#### Data section:
[Start of section]

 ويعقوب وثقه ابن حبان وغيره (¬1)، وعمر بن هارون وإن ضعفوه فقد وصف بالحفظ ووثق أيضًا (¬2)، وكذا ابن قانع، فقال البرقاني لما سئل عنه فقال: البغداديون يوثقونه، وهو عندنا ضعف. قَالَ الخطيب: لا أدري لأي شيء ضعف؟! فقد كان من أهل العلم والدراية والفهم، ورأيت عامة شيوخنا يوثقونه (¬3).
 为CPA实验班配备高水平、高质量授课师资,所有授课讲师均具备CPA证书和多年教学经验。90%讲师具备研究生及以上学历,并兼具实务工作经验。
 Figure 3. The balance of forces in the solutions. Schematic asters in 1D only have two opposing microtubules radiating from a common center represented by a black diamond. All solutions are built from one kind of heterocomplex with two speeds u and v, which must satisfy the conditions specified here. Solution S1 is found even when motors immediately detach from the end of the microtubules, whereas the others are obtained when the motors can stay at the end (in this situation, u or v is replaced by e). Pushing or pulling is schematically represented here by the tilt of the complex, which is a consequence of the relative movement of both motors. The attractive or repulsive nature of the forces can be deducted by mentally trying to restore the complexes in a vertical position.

[End of section]
[Start of section]

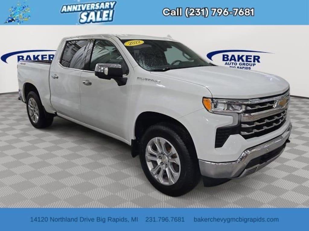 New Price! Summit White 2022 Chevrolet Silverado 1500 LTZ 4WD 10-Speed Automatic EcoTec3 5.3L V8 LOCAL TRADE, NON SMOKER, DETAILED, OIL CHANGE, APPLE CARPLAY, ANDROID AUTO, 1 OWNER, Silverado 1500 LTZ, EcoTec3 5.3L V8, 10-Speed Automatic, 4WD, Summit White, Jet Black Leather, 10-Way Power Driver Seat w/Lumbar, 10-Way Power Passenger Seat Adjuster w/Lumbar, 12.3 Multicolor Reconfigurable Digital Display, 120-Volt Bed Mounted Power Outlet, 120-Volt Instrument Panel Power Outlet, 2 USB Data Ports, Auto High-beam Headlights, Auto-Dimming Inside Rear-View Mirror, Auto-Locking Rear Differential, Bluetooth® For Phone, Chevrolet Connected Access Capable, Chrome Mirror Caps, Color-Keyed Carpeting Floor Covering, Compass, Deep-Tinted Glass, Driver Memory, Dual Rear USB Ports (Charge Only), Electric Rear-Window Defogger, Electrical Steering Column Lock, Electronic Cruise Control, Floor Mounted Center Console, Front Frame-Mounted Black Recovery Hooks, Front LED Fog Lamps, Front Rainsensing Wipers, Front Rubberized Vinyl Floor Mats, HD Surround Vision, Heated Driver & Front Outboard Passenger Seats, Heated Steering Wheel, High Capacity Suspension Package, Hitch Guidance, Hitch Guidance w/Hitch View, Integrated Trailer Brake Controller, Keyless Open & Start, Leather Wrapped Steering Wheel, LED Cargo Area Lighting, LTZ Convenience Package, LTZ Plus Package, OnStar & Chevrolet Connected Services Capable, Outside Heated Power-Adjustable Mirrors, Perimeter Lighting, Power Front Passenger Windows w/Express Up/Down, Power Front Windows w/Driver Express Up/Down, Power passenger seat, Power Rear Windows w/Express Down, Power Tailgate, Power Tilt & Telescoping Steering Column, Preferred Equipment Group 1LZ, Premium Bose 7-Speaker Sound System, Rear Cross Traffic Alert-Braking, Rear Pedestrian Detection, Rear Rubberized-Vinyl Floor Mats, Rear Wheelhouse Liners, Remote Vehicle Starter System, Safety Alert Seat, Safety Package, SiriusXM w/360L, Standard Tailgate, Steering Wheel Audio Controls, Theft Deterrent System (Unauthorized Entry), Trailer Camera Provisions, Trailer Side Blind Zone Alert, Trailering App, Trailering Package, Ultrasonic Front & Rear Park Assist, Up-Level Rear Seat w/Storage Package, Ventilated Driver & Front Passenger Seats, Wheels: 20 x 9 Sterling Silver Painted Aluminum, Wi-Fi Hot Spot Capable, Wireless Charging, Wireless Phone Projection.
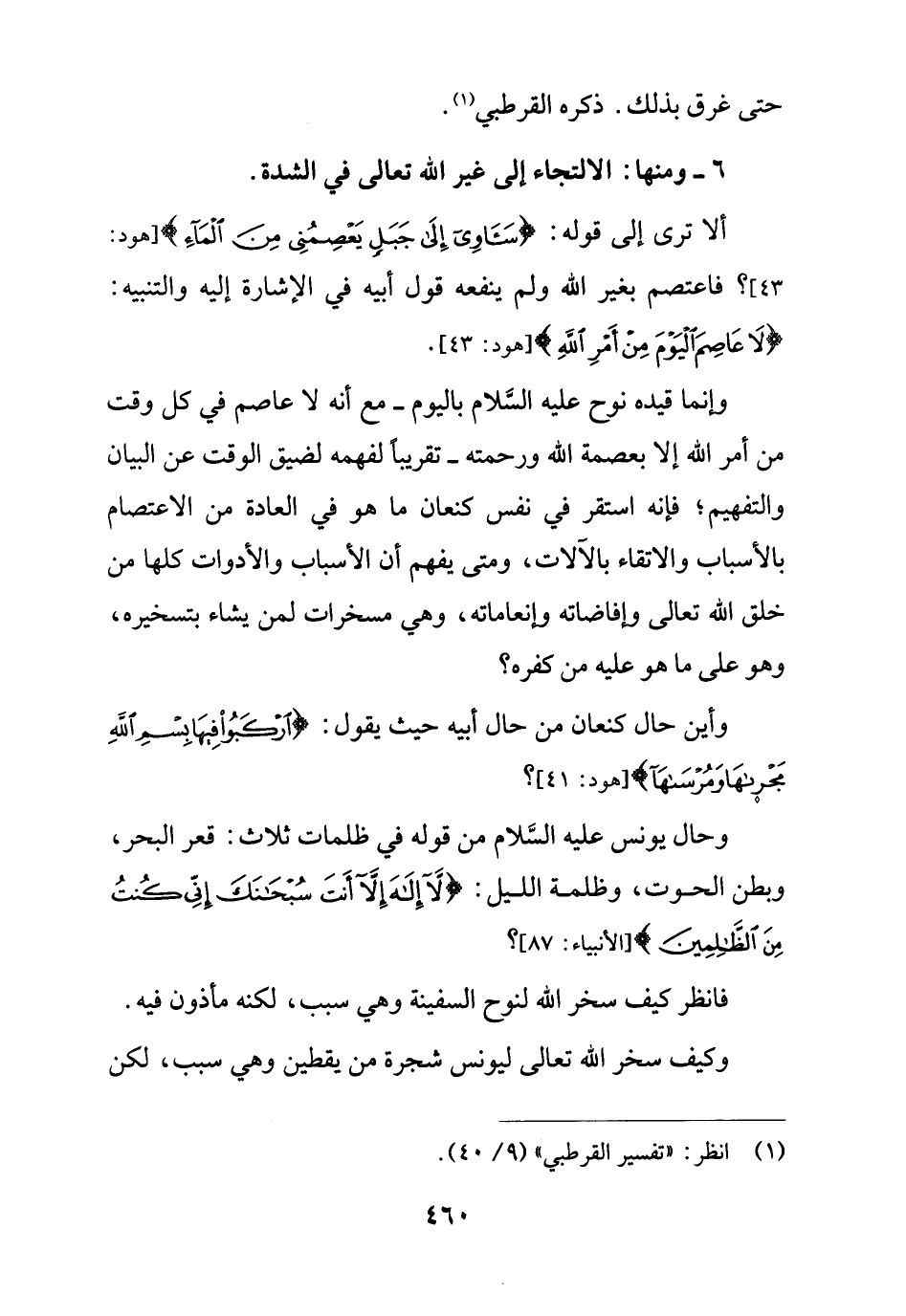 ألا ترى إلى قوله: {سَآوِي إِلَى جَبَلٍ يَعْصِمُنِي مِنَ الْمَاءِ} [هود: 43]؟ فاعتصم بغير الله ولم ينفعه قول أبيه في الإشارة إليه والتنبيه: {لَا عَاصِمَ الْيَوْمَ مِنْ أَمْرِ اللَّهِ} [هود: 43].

[End of section]

#### Your objective:
Return, with no change at all, every line in the entries above from the line containing "ويعقوب وثقه ابن" through the line containing "为CPA实验班配备高水平、高".

#### Solution to this task:
 ويعقوب وثقه ابن حبان وغيره (¬1)، وعمر بن هارون وإن ضعفوه فقد وصف بالحفظ ووثق أيضًا (¬2)، وكذا ابن قانع، فقال البرقاني لما سئل عنه فقال: البغداديون يوثقونه، وهو عندنا ضعف. قَالَ الخطيب: لا أدري لأي شيء ضعف؟! فقد كان من أهل العلم والدراية والفهم، ورأيت عامة شيوخنا يوثقونه (¬3).
 为CPA实验班配备高水平、高质量授课师资,所有授课讲师均具备CPA证书和多年教学经验。90%讲师具备研究生及以上学历,并兼具实务工作经验。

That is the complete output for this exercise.